Description of the task: Would you retype the whole listing exactly, leaving its pictures out?

Collected material:
....................
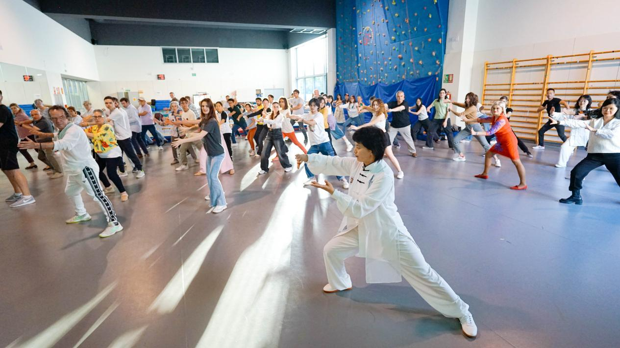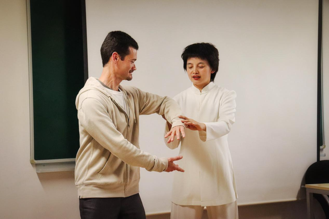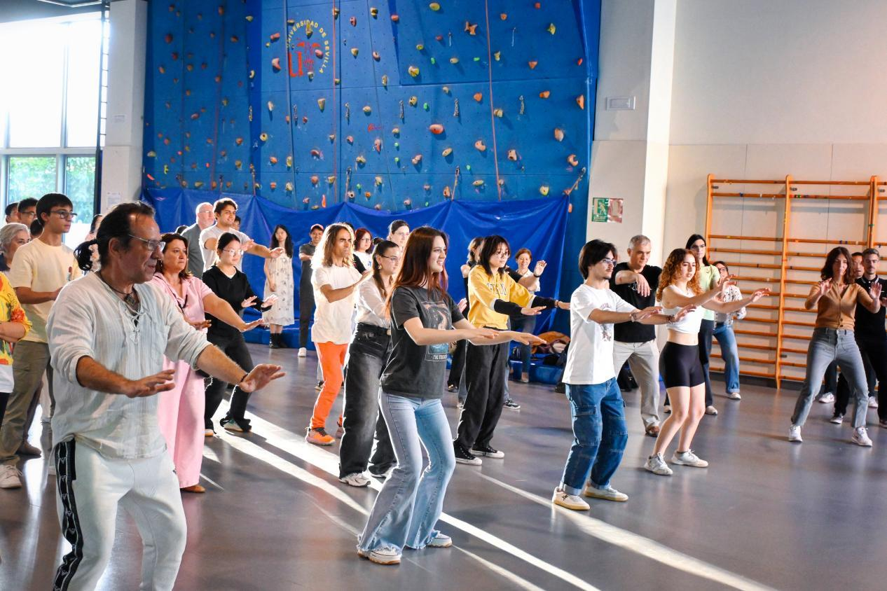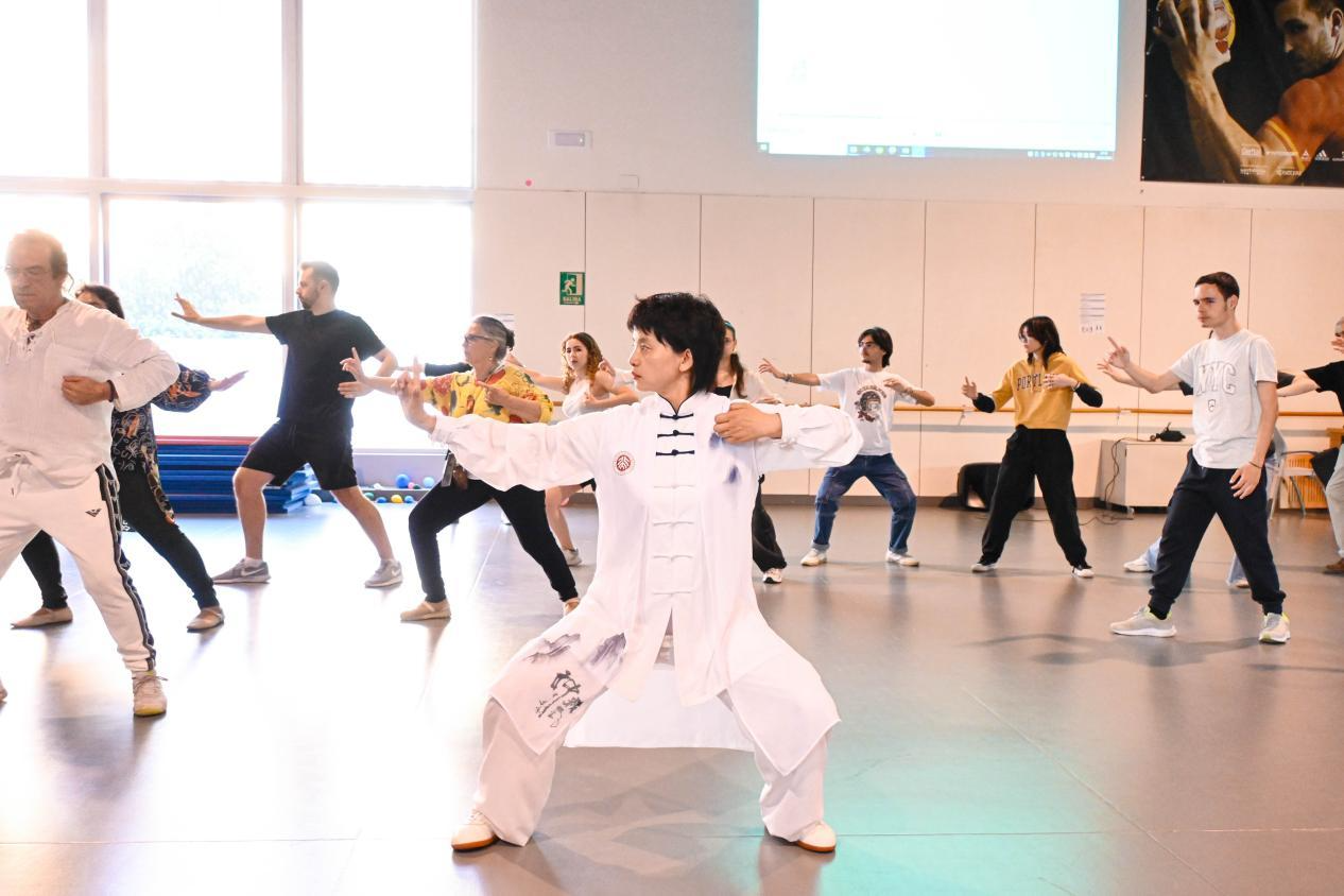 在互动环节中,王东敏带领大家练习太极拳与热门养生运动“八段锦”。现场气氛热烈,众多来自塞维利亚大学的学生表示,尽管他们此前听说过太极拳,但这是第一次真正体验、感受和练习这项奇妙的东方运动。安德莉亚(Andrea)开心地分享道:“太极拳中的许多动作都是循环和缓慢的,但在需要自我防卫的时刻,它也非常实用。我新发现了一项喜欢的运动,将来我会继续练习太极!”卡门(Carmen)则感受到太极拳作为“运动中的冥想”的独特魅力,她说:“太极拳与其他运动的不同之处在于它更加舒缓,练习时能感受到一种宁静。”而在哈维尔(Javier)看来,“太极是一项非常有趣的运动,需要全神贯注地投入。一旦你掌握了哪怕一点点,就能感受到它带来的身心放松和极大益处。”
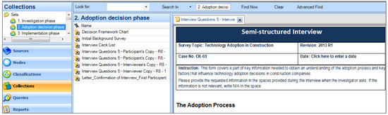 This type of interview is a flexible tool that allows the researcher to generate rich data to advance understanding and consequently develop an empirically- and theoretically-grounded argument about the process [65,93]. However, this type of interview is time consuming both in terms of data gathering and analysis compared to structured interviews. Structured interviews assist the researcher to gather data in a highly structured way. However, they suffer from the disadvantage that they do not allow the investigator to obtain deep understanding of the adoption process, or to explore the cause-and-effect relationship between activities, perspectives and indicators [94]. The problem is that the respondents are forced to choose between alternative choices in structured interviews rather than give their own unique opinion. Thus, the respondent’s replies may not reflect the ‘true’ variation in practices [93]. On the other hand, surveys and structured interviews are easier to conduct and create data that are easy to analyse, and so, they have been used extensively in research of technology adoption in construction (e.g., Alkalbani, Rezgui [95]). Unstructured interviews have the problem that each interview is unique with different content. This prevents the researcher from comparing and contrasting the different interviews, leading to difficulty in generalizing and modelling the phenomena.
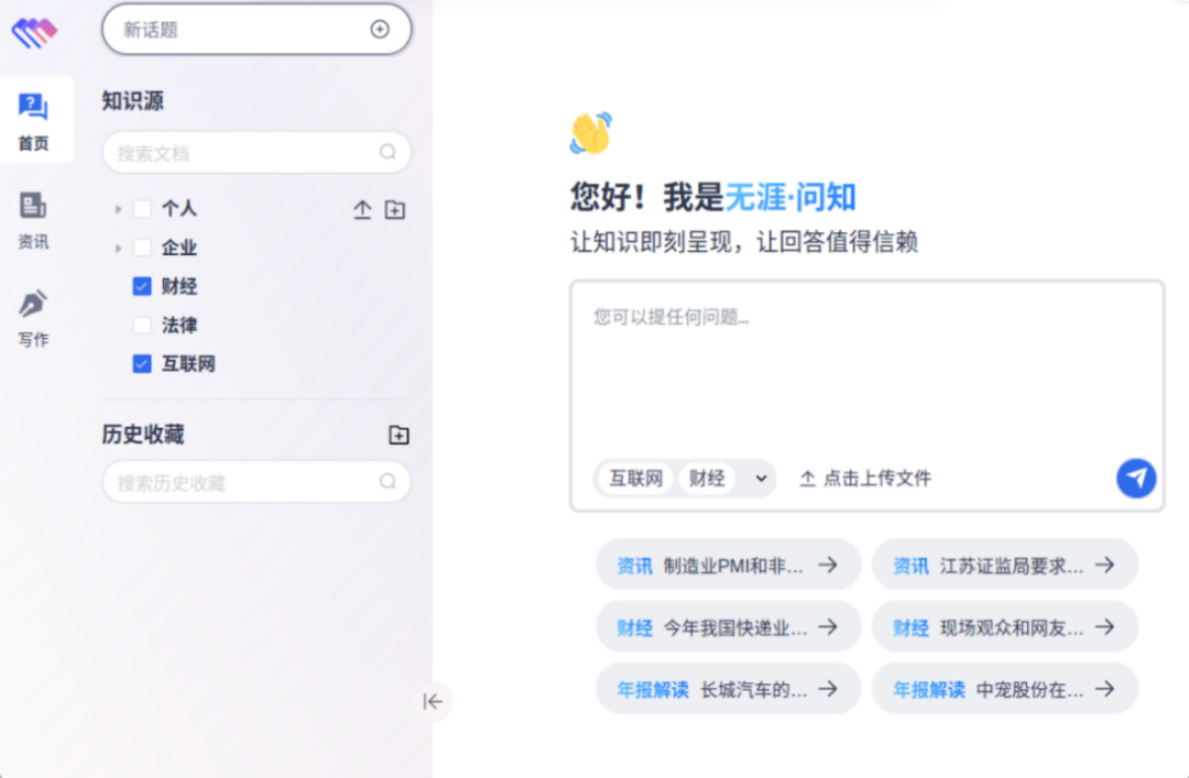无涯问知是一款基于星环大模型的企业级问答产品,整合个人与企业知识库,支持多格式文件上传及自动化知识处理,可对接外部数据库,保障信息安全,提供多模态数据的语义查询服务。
....................
Response:
 在互动环节中,王东敏带领大家练习太极拳与热门养生运动“八段锦”。现场气氛热烈,众多来自塞维利亚大学的学生表示,尽管他们此前听说过太极拳,但这是第一次真正体验、感受和练习这项奇妙的东方运动。安德莉亚(Andrea)开心地分享道:“太极拳中的许多动作都是循环和缓慢的,但在需要自我防卫的时刻,它也非常实用。我新发现了一项喜欢的运动,将来我会继续练习太极!”卡门(Carmen)则感受到太极拳作为“运动中的冥想”的独特魅力,她说:“太极拳与其他运动的不同之处在于它更加舒缓,练习时能感受到一种宁静。”而在哈维尔(Javier)看来,“太极是一项非常有趣的运动,需要全神贯注地投入。一旦你掌握了哪怕一点点,就能感受到它带来的身心放松和极大益处。”
 This type of interview is a flexible tool that allows the researcher to generate rich data to advance understanding and consequently develop an empirically- and theoretically-grounded argument about the process [65,93]. However, this type of interview is time consuming both in terms of data gathering and analysis compared to structured interviews. Structured interviews assist the researcher to gather data in a highly structured way. However, they suffer from the disadvantage that they do not allow the investigator to obtain deep understanding of the adoption process, or to explore the cause-and-effect relationship between activities, perspectives and indicators [94]. The problem is that the respondents are forced to choose between alternative choices in structured interviews rather than give their own unique opinion. Thus, the respondent’s replies may not reflect the ‘true’ variation in practices [93]. On the other hand, surveys and structured interviews are easier to conduct and create data that are easy to analyse, and so, they have been used extensively in research of technology adoption in construction (e.g., Alkalbani, Rezgui [95]). Unstructured interviews have the problem that each interview is unique with different content. This prevents the researcher from comparing and contrasting the different interviews, leading to difficulty in generalizing and modelling the phenomena.
无涯问知是一款基于星环大模型的企业级问答产品,整合个人与企业知识库,支持多格式文件上传及自动化知识处理,可对接外部数据库,保障信息安全,提供多模态数据的语义查询服务。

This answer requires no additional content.